- Problem description
Leave the pictures out, and transcribe the material below exactly from the line with "1.7L大容量滿意全家人的需求,一鍵阻尼開蓋, 可視加熱夜燈, 防燙手柄,水壺?zé)旆奖阌謱?shí)用" to the line with "Унаслідок удару пошкоджень", both lines included.

Available data: Begin

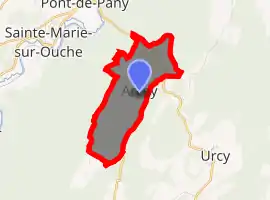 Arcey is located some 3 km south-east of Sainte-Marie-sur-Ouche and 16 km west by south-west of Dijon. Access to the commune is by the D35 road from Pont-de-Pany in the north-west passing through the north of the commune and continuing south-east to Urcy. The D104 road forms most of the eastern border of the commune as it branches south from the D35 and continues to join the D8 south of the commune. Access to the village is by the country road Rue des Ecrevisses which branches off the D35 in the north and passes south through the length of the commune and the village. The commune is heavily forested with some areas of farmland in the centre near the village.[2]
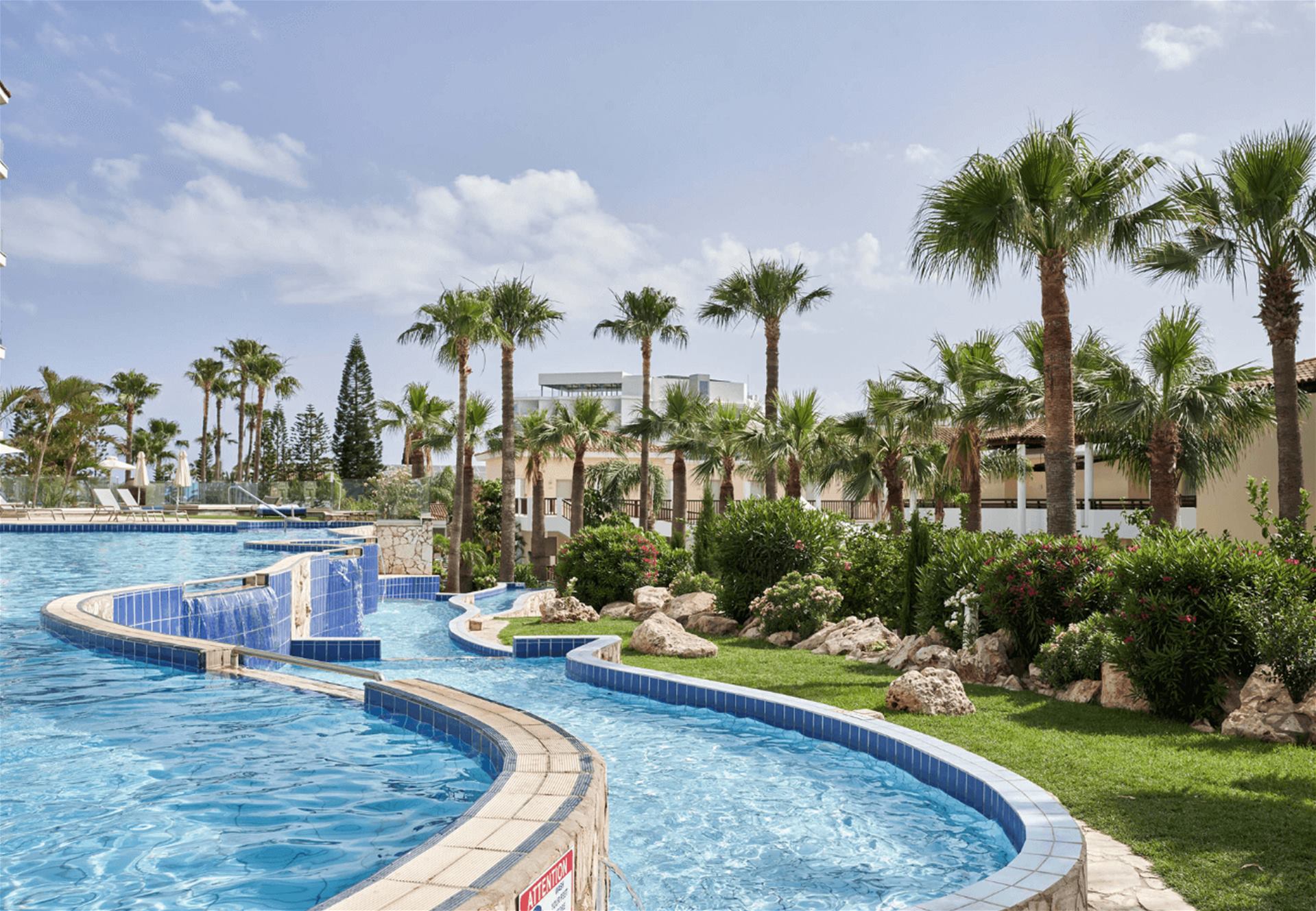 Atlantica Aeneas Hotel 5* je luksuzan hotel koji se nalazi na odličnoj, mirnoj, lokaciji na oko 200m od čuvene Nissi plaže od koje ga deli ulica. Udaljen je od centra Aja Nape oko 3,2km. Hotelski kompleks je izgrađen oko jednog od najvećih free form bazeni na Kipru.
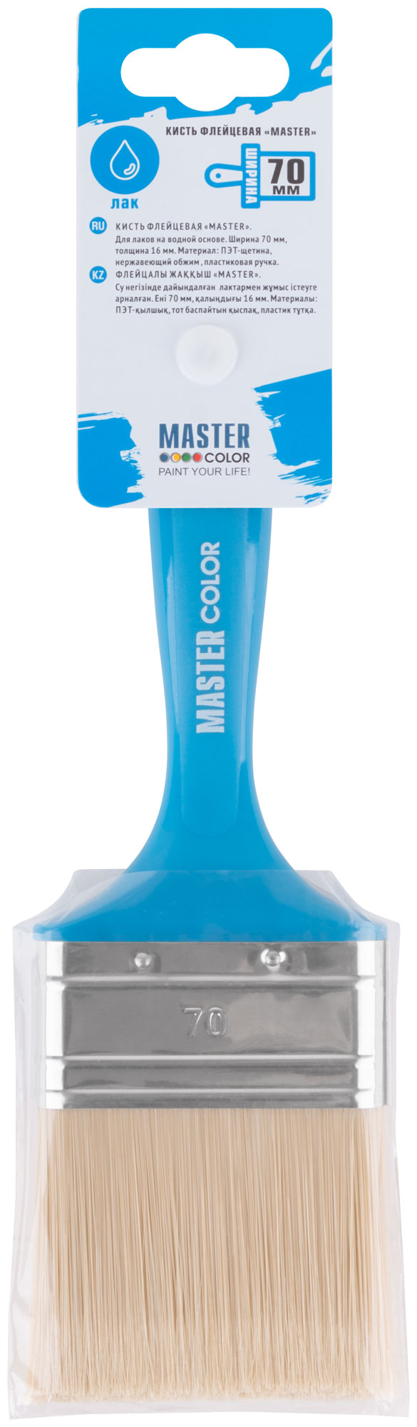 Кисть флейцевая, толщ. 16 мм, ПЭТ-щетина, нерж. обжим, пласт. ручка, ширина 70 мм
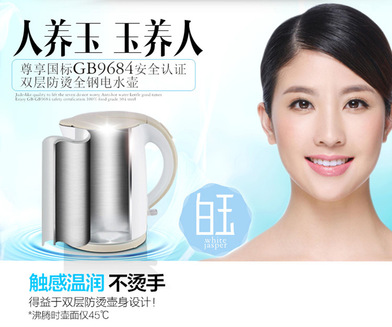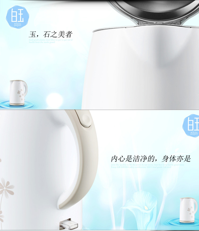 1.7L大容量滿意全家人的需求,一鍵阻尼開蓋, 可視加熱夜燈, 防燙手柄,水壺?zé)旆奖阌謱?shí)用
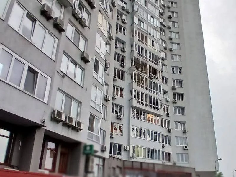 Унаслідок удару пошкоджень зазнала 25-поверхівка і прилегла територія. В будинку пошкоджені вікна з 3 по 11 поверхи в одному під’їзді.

Available data: End
Available data: Begin

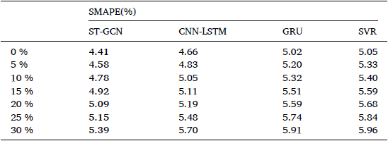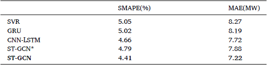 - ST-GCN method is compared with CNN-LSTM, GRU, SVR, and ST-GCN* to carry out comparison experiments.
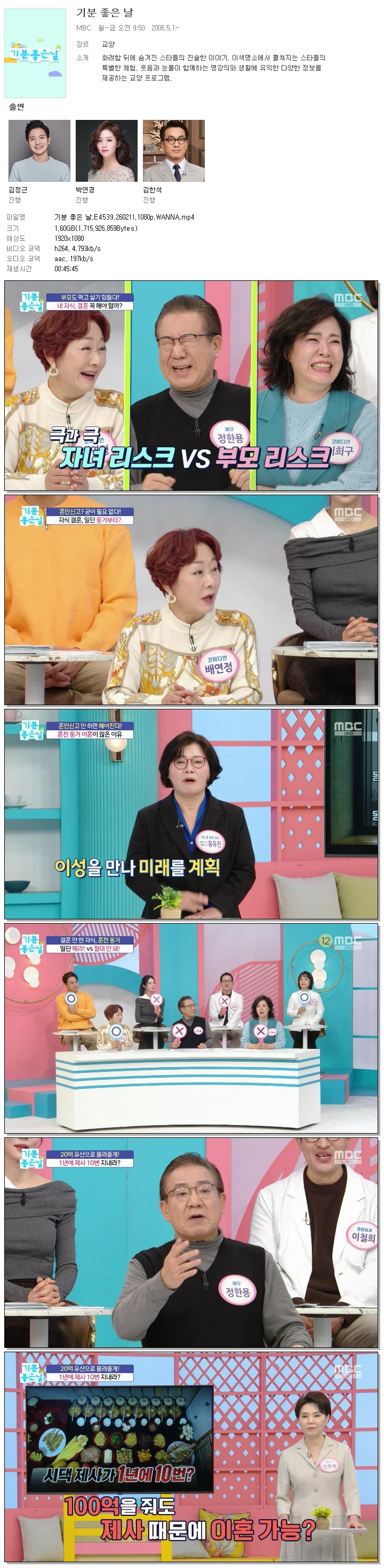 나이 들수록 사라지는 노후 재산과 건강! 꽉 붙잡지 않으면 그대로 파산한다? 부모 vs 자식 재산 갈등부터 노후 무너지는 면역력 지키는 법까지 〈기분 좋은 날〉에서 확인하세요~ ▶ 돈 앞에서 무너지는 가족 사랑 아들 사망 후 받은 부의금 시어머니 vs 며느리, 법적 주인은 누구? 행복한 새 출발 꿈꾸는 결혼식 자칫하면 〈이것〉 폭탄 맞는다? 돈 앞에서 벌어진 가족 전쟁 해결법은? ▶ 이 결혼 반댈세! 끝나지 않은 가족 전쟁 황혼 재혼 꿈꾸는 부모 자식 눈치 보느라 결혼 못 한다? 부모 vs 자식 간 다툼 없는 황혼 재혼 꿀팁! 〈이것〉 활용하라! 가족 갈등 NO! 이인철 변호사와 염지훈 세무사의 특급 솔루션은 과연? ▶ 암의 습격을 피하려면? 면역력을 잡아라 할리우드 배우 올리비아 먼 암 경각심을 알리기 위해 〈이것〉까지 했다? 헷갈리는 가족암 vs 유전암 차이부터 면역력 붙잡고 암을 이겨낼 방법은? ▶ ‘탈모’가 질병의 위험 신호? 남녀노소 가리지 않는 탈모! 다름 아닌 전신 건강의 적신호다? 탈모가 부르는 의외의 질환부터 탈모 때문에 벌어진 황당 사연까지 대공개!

Available data: End

- Written solution
 1.7L大容量滿意全家人的需求,一鍵阻尼開蓋, 可視加熱夜燈, 防燙手柄,水壺?zé)旆奖阌謱?shí)用
 Унаслідок удару пошкоджень зазнала 25-поверхівка і прилегла територія. В будинку пошкоджені вікна з 3 по 11 поверхи в одному під’їзді.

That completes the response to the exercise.